Wieder war Ammoniak mit im Spiel. Die Emulsion setzte auf einen Liter Pflegemittel ca. 3 l Ammoniak-Gas frei! In den Bereichen, in denen das Ammoniak-Gas auf hohe Bodentemperaturen traf, bewirkte dies an den ungeschützten Stirnseiten des Parketts einen regelrechten Räuchereffekt. Der Hersteller des Pflegemittels wurde in Haftung genommen, weil er sein Produkt ohne Einschränkung empfahl.
Fall 3
Unverträglichkeit verschiedener Lacke
Ein Sporthallenboden machte Ärger, weil sich der Lack über der Spielfeldmarkierung ablöste. Dagegen wies das entsprechende Handmuster, das die Verlegefirma vor der Auftragsvergabe eingereicht hatte, zum gleichen Zeitpunkt keine Schäden auf.

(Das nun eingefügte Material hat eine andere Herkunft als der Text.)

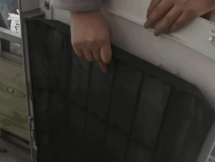 (二)过滤网一般在空调侧后方,找到过滤网把手,轻轻地从进风栅限位中脱出,向外拉出。

Der Hergang der Verlege- und Versiegelungsarbeiten wurde chronologisch aufgerollt. Dabei stellte sich heraus, dass der Verleger mit dem letzten Auftrag des Ölkunstharzsiegels einen Subunternehmer beauftragt hatte. Diese Firma hatte einen preiswerteren Lack verwendet, während der Hauptunternehmer sein Handmuster mit einem hochwertigen Lack versiegelt hatte. Nun war die Lösung ganz einfach: Zwischen diesem Lack und der schwarz gespachtelten Spielfeldmarkierung war es zu einer Materialunverträglichkeit gekommen.